Directions for this task
Exactly as written, write out the lines below from the first to the one containing "This artwork is", inclusive. Pictures do not belong in the copy.

Supplied material
%%
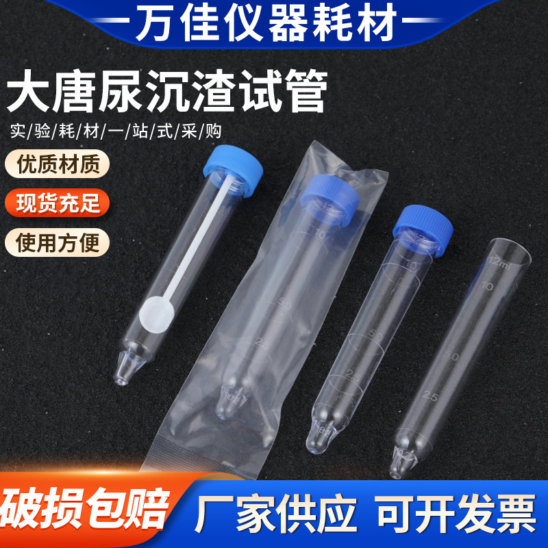 尿沉渣管12ml螺口带盖尿检尿液存放管尖底带刻度透明试管ps
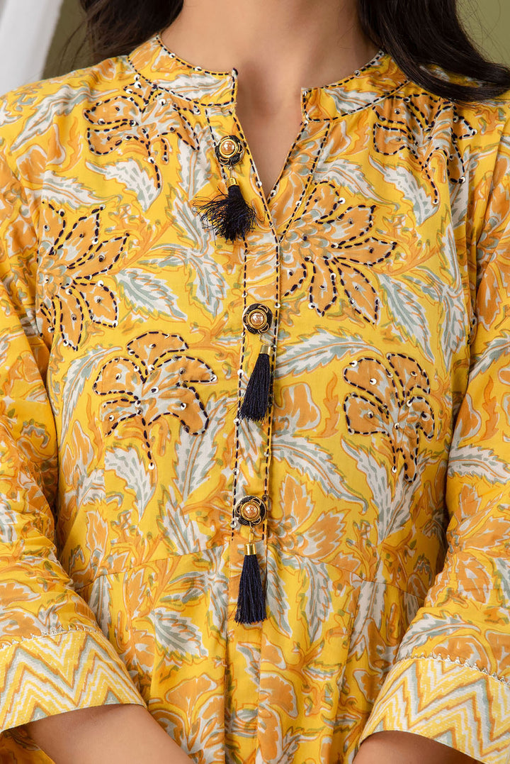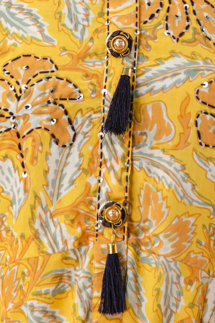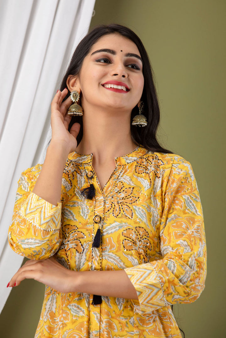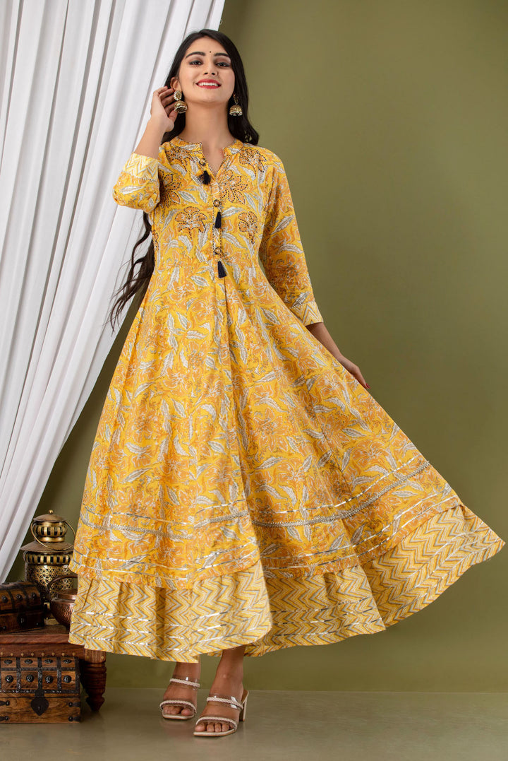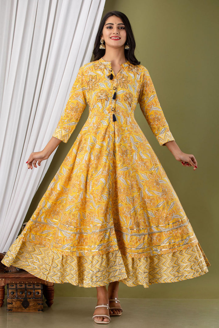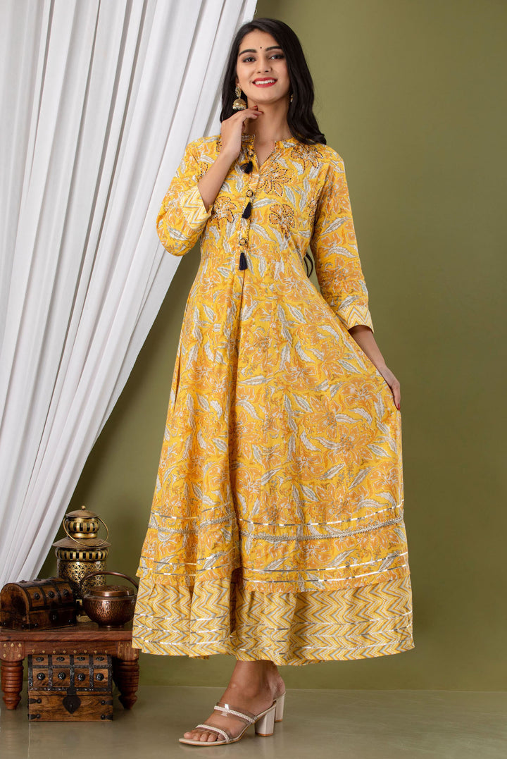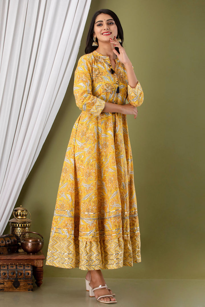 Women's Mustred Flower Yellow Cotton Printed Kurta Gown
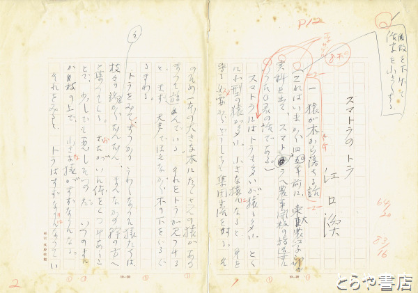 江口渙草稿 「スマトラのトラ」
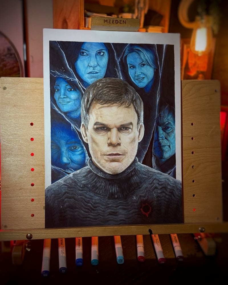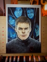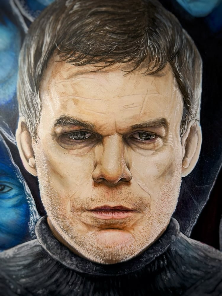 This artwork is a haunting reflection of Dexter Morgan’s most vulnerable moment—a reckoning. As his life flashes before his eyes, the web of shattered ice radiating from his gunshot wound mirrors the truth he can no longer outrun. Each fracture reflects an innocent life lost, each crack a consequence of the darkness he once thought he could control.
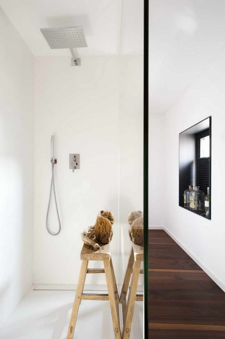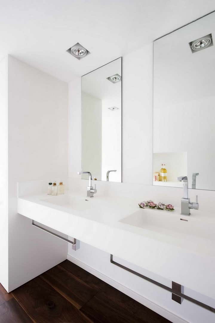 The main house consists of three residential buildings, each three stories high, which have been joined together. The two buildings on the extremities have been completely excavated,resulting in the opening up the ceiling heights to a majestic forty feet. The public spaces of the residence are located on the ground floor, with the living room and kitchen in the western-most part of the house. The dining room and a cozy sitting nook in the center house and a dedicated entrance in the easternmost house. The center house also holds the master bedroom suite on the first floor, above which, on the second floor, is the first guest suite.
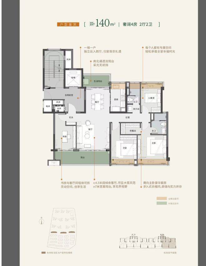 140㎡专梯专户户型(12 座):这一户型专为追求高品质与高私密性的家庭打造。专梯专户设计,保证了业主生活的专属感与私密性。四房两厅两卫的格局,空间开阔,功能齐全。客厅与餐厅一体化设计,营造出宽敞大气的公共活动区域,无论是家庭聚会还是宴请宾客,都能轻松应对。四个卧室布局合理,动静分区,互不干扰。主卧空间豪华,独立卫生间、衣帽间一应俱全,给予主人尊贵的居住体验。次卧和其他房间尺度宽敞,可根据家庭成员特点进行个性化规划,如打造老人房、儿童房、书房或健身房等,满足家庭全生命周期不同阶段的需求。同时,该户型可能还配备了更大的阳台或露台,提供更多的休闲空间,可用于种植花草、摆放休闲桌椅,享受惬意的户外时光。
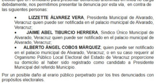 El documento fue enviado vía correo electrónico debido a fallas técnicas en el portal oficial para denuncias anónimas. En él se especifica que los señalados pueden ser notificados directamente en el Palacio Municipal de Alvarado o, en el caso de Cobos, también ante el Organismo Público Local Electoral de Veracruz (OPLEV), dado que presuntamente ya se encuentra registrado como candidato.
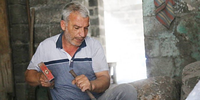 Amed’de kepçe operatörlüğünü bırakan 50 yaşındaki Cuma Balıkçı, Sur ilçesinde bulunan evinde babasından öğrendiği taş sanatı mirasını günümüze kadar getirdi. Taşla farklı bir bağ kurduğunu söyleyen alıkçı, eşi ve çocuklarıyla Alipaşa Mahallesi’ndeki tarihi bir evde yaşıyor. Surda sokağa çıkma yasaklarında da son ana kadar evini terk etmeyen Balıkçı, yasaklar kalktıktan sonra evine geri dönüyor.
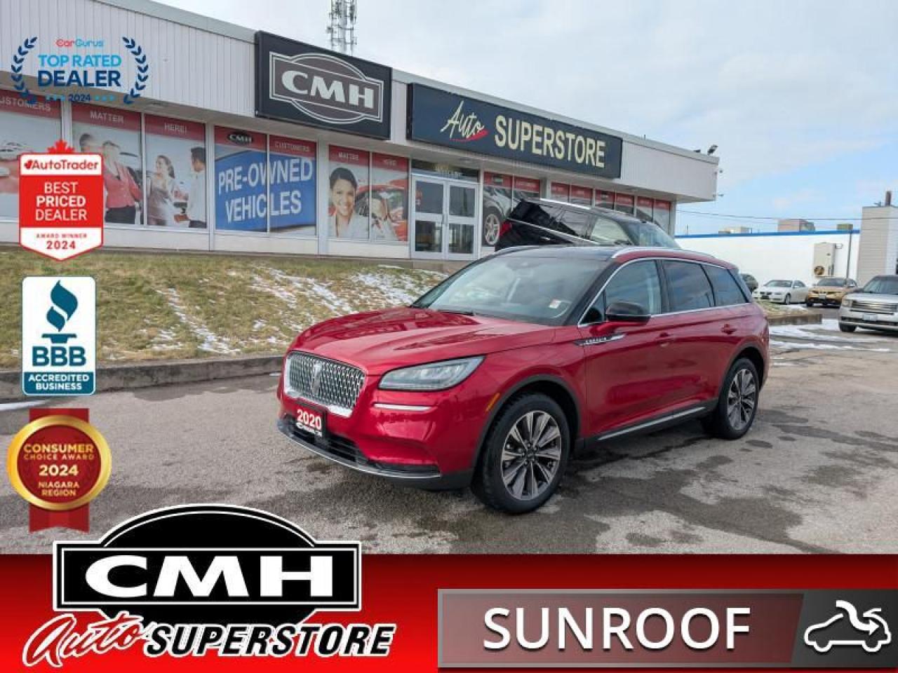 This 2020 Lincoln Corsair was designed to be an evolution of luxury. Taking the comfort and technology that we all expect from Lincoln and adding thrilling driving dynamics and family friendly functionality. For the next step in luxury compact SUVs, this intuitive, thrilling, and comforting Corsair is an easy choice.This SUV has 78,546 kms. It's red in colour . It has an automatic transmission and is powered by a 250HP 2.0L 4 Cylinder Engine.
%%
Exercise output
 尿沉渣管12ml螺口带盖尿检尿液存放管尖底带刻度透明试管ps
 Women's Mustred Flower Yellow Cotton Printed Kurta Gown
 江口渙草稿 「スマトラのトラ」
 This artwork is a haunting reflection of Dexter Morgan’s most vulnerable moment—a reckoning. As his life flashes before his eyes, the web of shattered ice radiating from his gunshot wound mirrors the truth he can no longer outrun. Each fracture reflects an innocent life lost, each crack a consequence of the darkness he once thought he could control.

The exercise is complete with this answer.